>>>
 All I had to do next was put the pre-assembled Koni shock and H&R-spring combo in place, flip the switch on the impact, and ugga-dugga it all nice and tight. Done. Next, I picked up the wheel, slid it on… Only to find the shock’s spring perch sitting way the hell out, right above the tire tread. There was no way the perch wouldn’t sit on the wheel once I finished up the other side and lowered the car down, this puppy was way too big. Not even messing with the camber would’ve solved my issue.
<<<
>>>
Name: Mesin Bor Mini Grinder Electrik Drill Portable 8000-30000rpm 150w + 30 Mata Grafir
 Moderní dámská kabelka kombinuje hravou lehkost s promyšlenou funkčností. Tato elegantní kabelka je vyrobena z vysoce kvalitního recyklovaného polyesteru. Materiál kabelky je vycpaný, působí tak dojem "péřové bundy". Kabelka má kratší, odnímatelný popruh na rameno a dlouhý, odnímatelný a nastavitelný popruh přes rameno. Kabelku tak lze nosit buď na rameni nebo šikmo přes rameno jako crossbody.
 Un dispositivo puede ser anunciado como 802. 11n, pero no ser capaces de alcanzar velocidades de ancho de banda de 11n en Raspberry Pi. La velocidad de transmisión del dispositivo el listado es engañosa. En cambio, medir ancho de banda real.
<<<
>>>
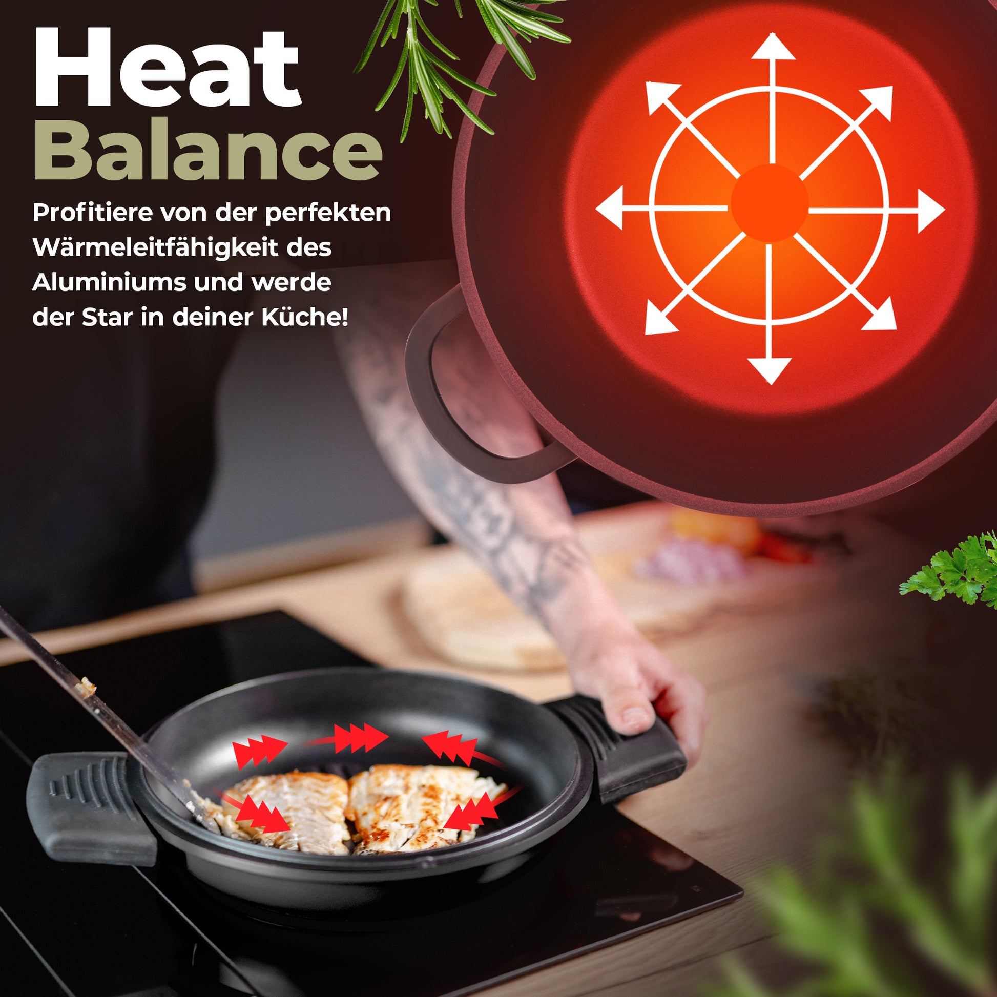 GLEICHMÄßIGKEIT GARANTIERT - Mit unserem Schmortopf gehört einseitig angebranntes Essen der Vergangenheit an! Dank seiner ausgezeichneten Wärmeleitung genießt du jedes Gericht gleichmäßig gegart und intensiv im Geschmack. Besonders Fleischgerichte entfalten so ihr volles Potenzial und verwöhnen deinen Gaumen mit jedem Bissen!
<<<
→ Activity:
In the listing above, find the line containing "Name: Mesin Bor" and the line containing "Un dispositivo puede", then retype both and every line between them exactly, with nothing else.

→ Finished exercise:
Name: Mesin Bor Mini Grinder Electrik Drill Portable 8000-30000rpm 150w + 30 Mata Grafir
 Moderní dámská kabelka kombinuje hravou lehkost s promyšlenou funkčností. Tato elegantní kabelka je vyrobena z vysoce kvalitního recyklovaného polyesteru. Materiál kabelky je vycpaný, působí tak dojem "péřové bundy". Kabelka má kratší, odnímatelný popruh na rameno a dlouhý, odnímatelný a nastavitelný popruh přes rameno. Kabelku tak lze nosit buď na rameni nebo šikmo přes rameno jako crossbody.
 Un dispositivo puede ser anunciado como 802. 11n, pero no ser capaces de alcanzar velocidades de ancho de banda de 11n en Raspberry Pi. La velocidad de transmisión del dispositivo el listado es engañosa. En cambio, medir ancho de banda real.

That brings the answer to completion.